6. Now look back at the top 10 stressors in your life and answer the following:
a) If you could perfectly control these circumstances, what would you make happen?
I would make sure that my brother heal and recover, so he could live the life he deserved. I will let him know that he is loved, so much. I would be there for him along this process.
I will make sure that the people who sexually abused/assaulted me have enough love and compassion for themselves to never do that to me or anyone else.
I would make sure that my mother never hurt my sister. Otherwise, I would call social services.
I would make sure that my grandma leave this world without suffering like she did.
I would reach out more effectively and receive the help I need to recover from eating disorders as soon as possible.
I would tell someone about the sexual assault, so I don’t let myself drown and use unhealthy ways to cope at the moment.
I would discuss with my partner and have the conversations we needed sooner.
I would allow myself to share more about my health issues, the recovery process, without feeling ashamed because of this or being afraid of burdening others.
b) What are you afraid will happen because you can’t control these circumstances?

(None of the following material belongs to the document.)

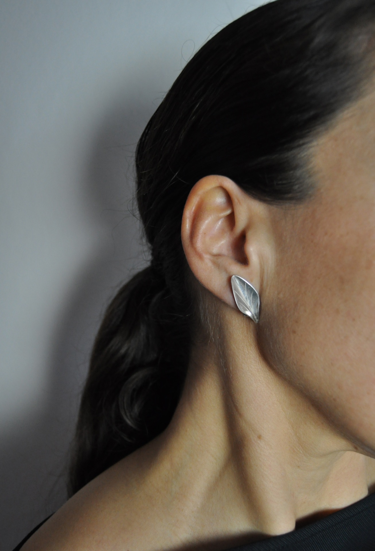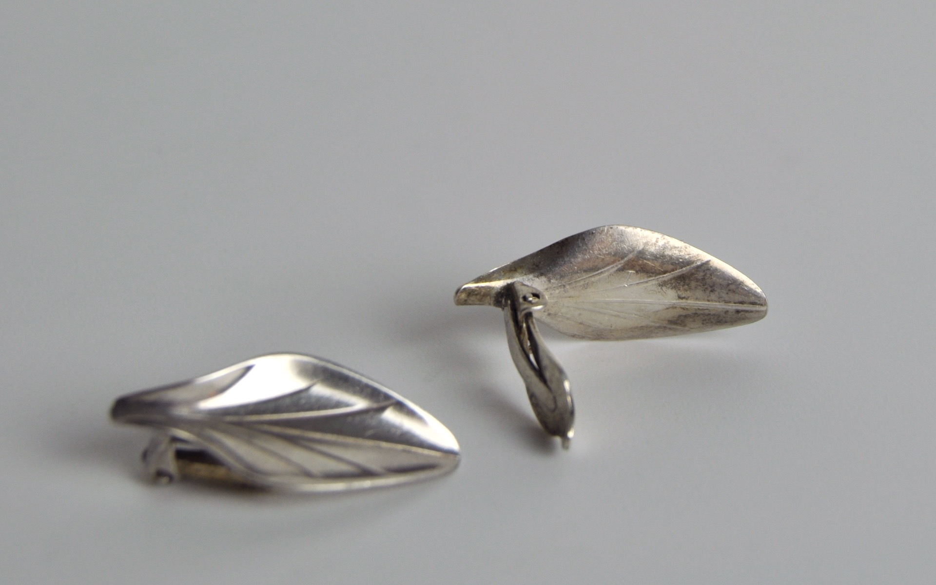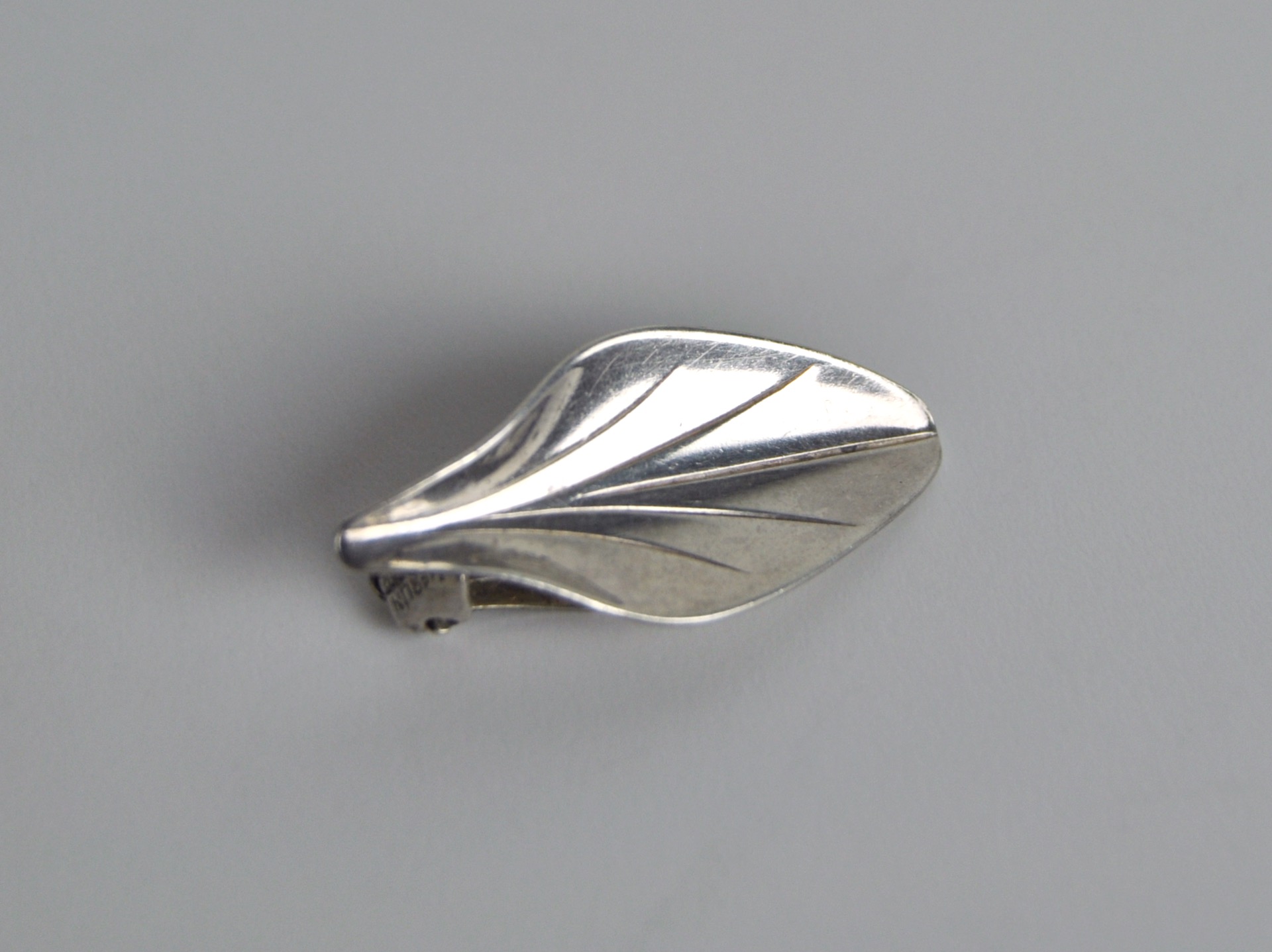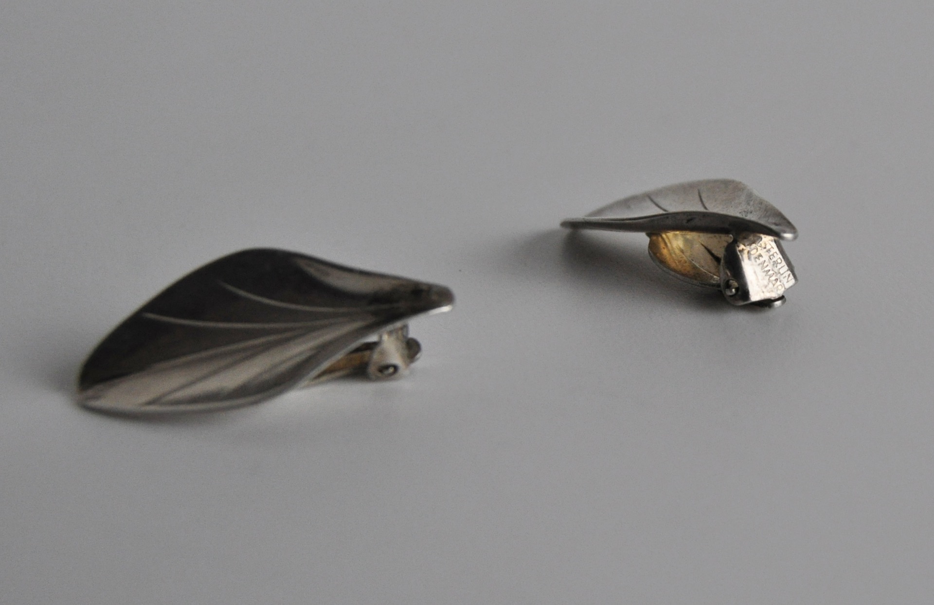 Beautiful leaf earclips with a highly polished finish in sterling silver, designed and made by the Danish goldsmith Hermann Siersbøl in 1940-50s.

I am afraid to live with all the pain related to all of these events for my entire life. I am afraid to come to the conclusion that life is nonsense and not worth it. I am afraid not to see any sense of justice or restoration in my own life. I am afraid of being constantly powerless, helpless. I am afraid to lose all the people I love without having the right to say or do anything. I am afraid to disappear without having the opportunity to really live. I am afraid to lose faith and hope definitely, in God and in humanity. I am afraid to be a spectator of my own life.
c) What patterns do you notice in the situations that stress you out? Are there similar patterns behind your reasons for depression and the things that stress you out? If so, what’s the connection?
Powerlessness/helplessness is the major issue for me. It’s like parts of myself, of my heart and my self were taken away from me for each of these situations. I have a hard time to heal and regain the peace I need, to let go of things I can’t control, to tame this part of my mind screaming “it’s unfair” again and again. It’s hard to believe in life again, to trust others again. But another part of me is also full of strong beliefs and hope. In the middle, depression is tackling me.
7. Finally, look back on the top ten activities depression keeps you from doing and answer the following:
a) What is it you believe that keeps you from doing those things?
- Anxiety/fears + cognitive distortions
- Lack of self-confidence
- Negativity/nostalgia/letting myself drowned sometimes
- Stepping out of my comfort zone
b) What are you afraid will happen if you actually do them?
It’s as difficult question. But I guess I’m afraid to actually feel okay, and to feel uncomfortable to be okay, to conclude that I don’t deserve this.
c) How do you connect with others? Do your reasons behind depression hinder those relationships? If so, why?
It affects my relationships because I don’t interact as much as I want (or should, depending on the context). It makes be a loner while I love both alone moments and socializing moments. Generally people understand that I am easily drained by interactions, so I reach out when I feel okay for that. Sometimes I don’t interact for a long time and it happened that people thought that I don’t care about them, which is not the case.
d) Try reaching out to someone you trust to share your reasons. That conversation around your depression can even be online. Then report here what people said. Was it similar to your experience?
My sister and I regularly have open-hearted conversations about our mental health, as we go through similar experiences and we tend to know each other as if we were twins. I didn’t reach out particularly for this exercise, but I know she is there for me and she understands without judging.